Case ID: wash_31/html/0542-01.html
Source: Caselaw Access Project
Author: {"author": "Per Curiam.", "license": "Public Domain", "url": "https://static.case.law/"}
Date Created: 2024-08-24T03:29:51.129683

[No. 4425.
    Decided April 9, 1903.]
    Wilbur J. Yarwood, Appellant, v. A. C. Billings et al., Appellants.
    
    PARTNERSHIP — ACTION BOB ACCOUNTING — JUDGMENT.
    In an action for an accounting between partners, a court of equity has power not only to state the account between the parties, but to enter a money judgment in favor of one and against another, as the state of the account may require.
    
      SAME — CONVERSION — OUTSIDE THE ISSUES.
    Where a suit is in equity for an accounting and partition of personal property between partners, and not an action at law for conversion, the refusal of the court to enter judgment in favor of plaintiff for the value of the property would not be error, although defendants had refused to acknowledge his right of possession when demand was made upon them.
    TRIAL ON WRONG THEORY-WHEN WITHOUT PREJUDICE.
    Where the theory on which a case was tried was adopted on the insistence of defendants, over the objection of plaintiff, they cannot urge on appeal that it was an erroneous theory, or without the issues made by the pleadings.
    Appeal from Superior Court, Lincoln County. — Hon. Charles H. Heal, Judge.
    Modified.
    
      H. N. Martin and Happy & Hindman, for plaintiff.
    
      Merritt & Merritt, for defendants.
   Per Curiam.

— This is an action in which the plaintiff sues the defendants for the partition of certain personal property owned hy them as tenants in common, and for an accounting of the profits received therefrom by the defendants while it was in their possession and used by them. Prom the judgment both sides appeal.
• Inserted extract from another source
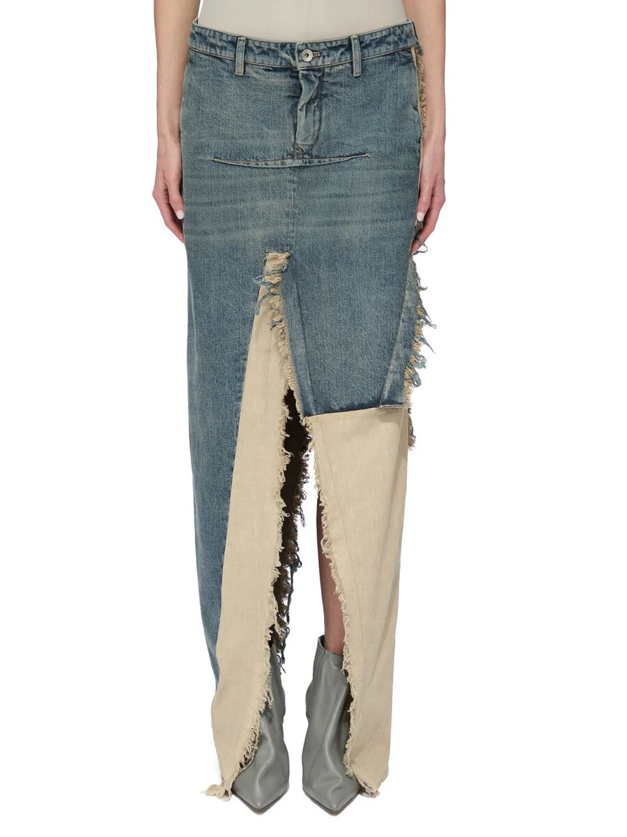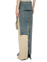 RICK OWENS FW25 CONCORDIANS RUNWAY DENIM SLICED SKIRT IN DIRTY HUSTLER/NATURAL 14OZ HUSTLER SLUB DENIM AND COTTON TELA THIS DENIM SLICED SKIRT IS FLOOR LENGTH AT SIDES. IT HAS A SHORT CENTRE FRONT ZIPPER, AND BUTTON CLOSURE AND A CLOSE TO THE BODY FIT. IT FEATURES TWO HIGH SLITS FRONT AND BACK WITH RAW CUT EDGES, AS WELL AS A FRONT AND BACK RIDGE STITCH DETAIL. IT HAS SIDE SEAM POCKETS. THIS IS A COLLAGE VERSION. THIS IS A COMBINATION OF 14OZ HUSTLER SLUB DENIM AND COTTON TELA. THIS MEDIUMWEIGHT HUSTLER DENIM IS MADE ON A 14OZ JP INDIGO AND NATURAL SLUB DENIM WOVEN IN FUKUYAMA PREFECTURE BY A MILL FOUNDED IN 1893. THE READY GARMENT IS STONE WASHED WITH MINERAL DYES TO ACHIEVE THE HUSTLER WASH. THIS FABRIC IS MADE USING GOTS CERTIFIED ORGANIC COTTON WHICH MEANS THE NATURAL FIBER IS GROWN WITHOUT HARMFUL CHEMICALS, LEAVING OUR SOIL, AIR AND WATER CLEANER FROM CONTAMINATES. THIS GARMENT IS TREATED IN AN ITALIAN WASH HOUSE BASED IN THE VENETO AREA OF ITALY, THAT PRODUCES IN SMALLER TREATMENT BATHS TO REDUCE WATER WASTE AND UTILIZE A WATER PURIFYING PROCESS THAT ENABLES THEM TO RECYCLE A PORTION OF THE WATER USED. ALL OF OUR DENIM WASHES ARE ZDHC CERTIFIED. COLOR: DIRTY HUSTLER/NATURAL MATERIAL: 100% COTTON DETAILS 100% COTTON POCKETS LINING 52% POLYESTER + 48% COTTON MODEL IS 181CM TALL MODEL WEARS SIZE 40

Talcing up the defendants’ appeal, they first contend that this is a suit in equity for an accounting between partners and that a court of equity in such a suit has no power to enter a money judgment against any of the parties thereto. This is not the rule. A court of equity has power in such a suit not only to state the account between the parties but to enter a judgment in favor of one and against another, as the state of the account may require. It never drives the parties to a second action to enforce its award. It is next objected that the finding that the parties settled their mutual accounts for the year 1894 is not supported by the evidence. This objection we think is well taken. It is not only testified by the defendants that no such settlement was had, but it is so testified by the plaintiff himself. This year should have been included in the accounting; and as it appeared by the undisputed evidence that there was a loss during the year in running the machine, of which the plaintiff’s share was $211, this amount should have been allowed the defendants. The other assignments of error are not open to defendants in this court. ■ The theory on which the case was tried was adopted on their insistence, over the objection of the other side, and they cannot now be heard to complain that it was an erroneous theory, or without the issues made by the pleadings.

The plaintiff assigns error on the refusal of the court to enter a judgment in his favor against the defendants for the admitted value of the common property; it being contended that their refusal to acknowledge his right of possession when demand was made amounted to a conversion. But we fail to find error here. The suit is in equity for an accounting and partition, not an action at law for conversion, and the judgment followed the prayer of the complaint, and was fully as equitable as the circumstances of the ease warranted.

The judgment appealed from will therefore be modified by reducing the amount of the joint judgment against the defendants to $321; standing affirmed in all other respects. The defendants will recover their costs on this appeal.